1. What is secondary breast cancer in the liver?
2. What’s my outlook?
3. Newly diagnosed or worried about a symptom?
5. Palliative and supportive care
6. Managing the symptoms of secondary breast cancer in the liver
7. Blood clots
8. Living with secondary breast cancer in the liver
Secondary breast cancer in the liver happens when breast cancer cells spread to the liver. It can also be known as liver metastases.
When breast cancer spreads to the liver, it can be treated but cannot be cured.
Treatment aims to control and slow down the spread of the cancer, relieve symptoms and give you the best quality of life for as long as possible.
Secondary breast cancer in the liver is not the same as cancer that started in the liver.
When they get their diagnosis, many people want to know how long they’ve got to live.
As treatments have improved, more and more people are living longer after a diagnosis of secondary breast cancer. However, life expectancy is difficult to predict as each person’s case is different and no two cancers are the same.
Your specialist can talk to you about the likely progression of your secondary breast cancer. You may worry if their answers are vague, but it isn’t possible to accurately predict how each person’s illness will respond to treatment.
In the days or weeks after a diagnosis of secondary breast cancer, you may feel in turmoil and find it hard to think clearly.
You can read our information for people newly diagnosed with secondary breast cancer, including where to find support.
If you haven’t been diagnosed but are worried about a symptom, find out more about the signs and symptoms of secondary breast cancer.
Treatments for secondary breast cancer in the liver can be given alone or in combination.
When making decisions about how best to treat you, your specialist team will consider:
- how extensive the cancer is within the liver
- whether the cancer has spread to other organs
- any symptoms you have
- what treatment you’ve had in the past
- the characteristics of the cancer
- whether you’ve been through the menopause
- your general health.
Your specialist should discuss any recommendations with you and take into account your wishes. They’ll talk with you about your options, explain the aim of treatment and help you weigh up the potential benefits against the possible side effects.

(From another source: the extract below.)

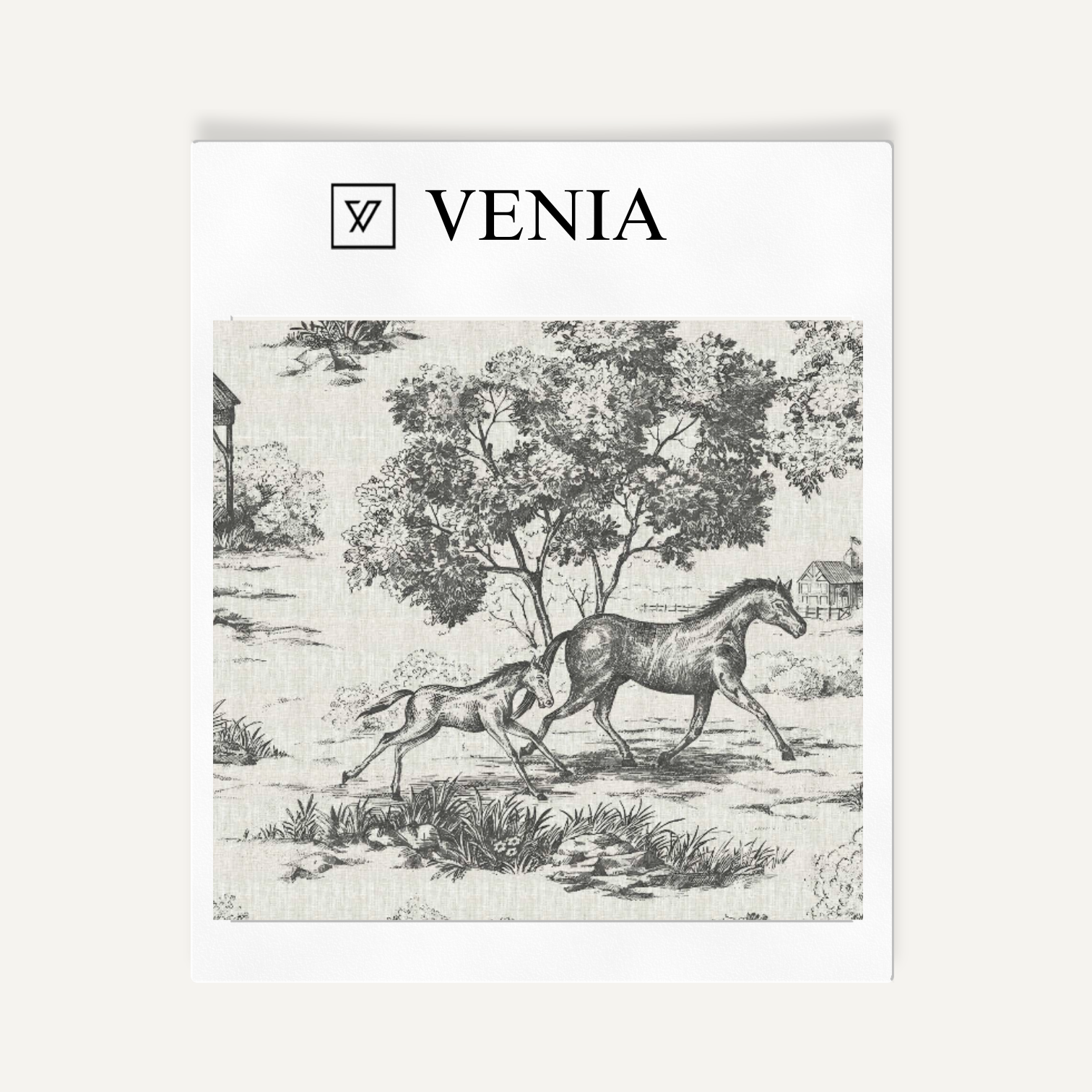 This vintage-inspired toile fabric showcases graceful horses roaming idyllic pastoral landscapes, framed by lush trees, rustic gazebos, and quaint cottages. A nod to European equestrian heritage, its intricate detailing and classic color palette make it a perfect choice for curtains, upholstery, and statement pieces.

Find out more about treatments for secondary breast cancer.
Hormone (endocrine) therapy
Hormone therapy is used to treat breast cancers that are oestrogen receptor positive (ER+). Tissue from the biopsy or surgery for primary breast cancer will have been tested to see if it's ER+. However, your specialist may discuss taking a sample of tissue from your liver to retest this.
You may be offered a course of a single drug or combination of chemotherapy drugs. This will depend on any chemotherapy you had in the past and how long ago you had it.

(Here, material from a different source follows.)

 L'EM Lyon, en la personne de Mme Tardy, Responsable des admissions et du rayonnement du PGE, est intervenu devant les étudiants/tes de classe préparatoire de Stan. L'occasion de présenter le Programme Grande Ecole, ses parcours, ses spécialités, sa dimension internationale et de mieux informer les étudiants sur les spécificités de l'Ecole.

Targeted (biological) therapies
Only people whose cancer is HER2 positive will benefit from targeted therapies. Tissue from a biopsy or surgery for primary breast cancer will usually have been tested to see if it's HER2 positive. However, your specialist may discuss taking a sample of tissue from your liver to retest this.
Although surgery won’t cure secondary breast cancer in the liver, occasionally your specialist may ask the opinion of a surgeon.
Surgery is more likely if the area of secondary breast cancer in the liver is very small, can be easily accessed by the surgeon, and there’s no other secondary breast cancer elsewhere in the body. However, in most cases several areas of the liver are affected and surgery isn’t possible. Liver transplants are not an option for people who have secondary breast cancer.
Thermal or cryoablation
Thermal or cryoablation can be used alone or in combination with surgery. These procedures destroy cancer cells by either heating or freezing them. For example, radiofrequency ablation (RFA) involves inserting a needle into individual tumours in the liver and destroying them with heat.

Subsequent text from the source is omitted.